Another useful idea is to be precise: 20000000/53 is over 377,000, not 370,000. Approximations are fine for many purposes, but why impose unnecessary burdens when seeking help?

Grendel said:
If I reach into the people-bucket and pluck out one person, then I calculate the chances of that person being X are (20,000,000 / 53) = 370,000:1 against.

[X]: To be statistically confident of plucking out X I would have to scoop out 370,000 people at once.

But if I can only scoop out 20,000 per dip, then what are the odds of 'X' being in that 20K scoop? I work this out at

A: (370,000 / 20,000) = 18.5

Now what are the chances of a random 20K scoop containing two 'X's?

B: (18.5 x 18.5) = 340:1 or 6.8 million people.

[C]: Now what are the chances of them both having the same initial?...

X: Don't be too confident! You'll fail to find X in that sample 36.8% of the time. (That's the reciprocal of Euler's Number.)
Intuition: The expected (average) number of X you'll find is 1.0 exactly. But sometimes you'll find more than 1; therefore sometimes you'll find less.

[A] Your calculation yields 18.87 for 1 (or 17.87 to 1), not 18.5 to 1. But the calculation would be incorrect anyway, for reasons related to (x).
A better approximation(*) is that success occurs with probability 1 - exp(20000* ln(1 - 53/20000000)) = 5.16%
By coincidence this is expressed as 18.4 to 1 — almost the figure you give. Sometimes two wrongs do make a right!

(* - this formula works for sampling with replacement. It's good enough here because X's density, starting at 53 units, gets up only to 53.053 units after 19,999 non-X withdrawals.)

Repeating this calculation your way, but with the corrected numbers just shown, produces 1 chance in 375.3, written 374.3 : 1.
But your approach is incorrect; more accurate odds would be 737 : 1.
Why? Your multiplication assumes that the chance an unknown group will have an X is identical to the chance that a group known to have at least one X (though which element is X is unknown) will have a second X. But in fact these X-nesses are not independent.
I don't think it's a coincidence that the correct odds are almost exactly half what your incorrect calculation gives. (The correct odds of THREE or more X's would be 1/6 of what your calculation produces. 6 = 3! I'll leave a demonstration of this as an exercise! ... An exercise for myself; I've forgotten much of what I once knew. )

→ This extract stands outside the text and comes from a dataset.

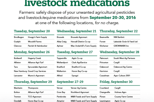 Drop off unwanted or obsolete pesticides and one of many locations throughout Ontario as part of CleanFARMS Ontario oboslete collection...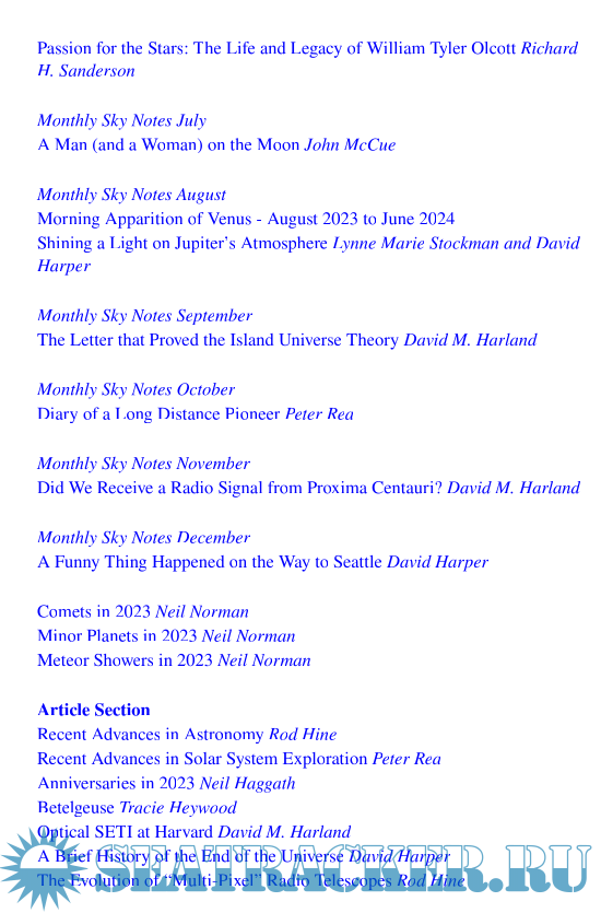 Year: 2022 Language: english Author: Brian Jones Publisher: Pen & Sword White Owl Format: PDF Quality: eBook Pages count: 394 Description: Maintaining its appealing style and presentation, the Yearbook of Astronomy 2023 contains comprehensive jargon-free monthly sky notes and an authoritative set of sky charts to enable backyard astronomers and sky gazers everywhere to plan their viewing of the year’s eclipses, comets, meteor showers and minor planets as well as detailing the phases of the Moon and visibility and locations of the planets throughout the year. To supplement all this is a variety of entertaining and informative articles, a feature for which the Yearbook of Astronomy is known. The Yearbook of Astronomy 2023 continues to be essential reading for anyone lured and fascinated by the magic of astronomy. It remains an inspiration to amateur and professional astronomers alike, and warrants a place on the bookshelf of all stargazers and watchers of the Universe.

[C] Do you think the 26 letters are equally likely as middle inititals? I don't ... and suggest you first refine your approaches for (A) and (B) anyway.

beero1000 · Mar 30, 2018

Swammerdami said:
[A] Your calculation yields 18.87 for 1 (or 17.87 to 1), not 18.5 to 1. But the calculation would be incorrect anyway, for reasons related to (x).
A better approximation(*) is that success occurs with probability 1 - exp(20000* ln(1 - 53/20000000)) = 5.16%
By coincidence this is expressed as 18.4 to 1 — almost the figure you give. Sometimes two wrongs do make a right!
(* - this formula works for sampling with replacement. It's good enough here because X's density, starting at 53 units, gets up only to 53.053 units after 19,999 non-X withdrawals.)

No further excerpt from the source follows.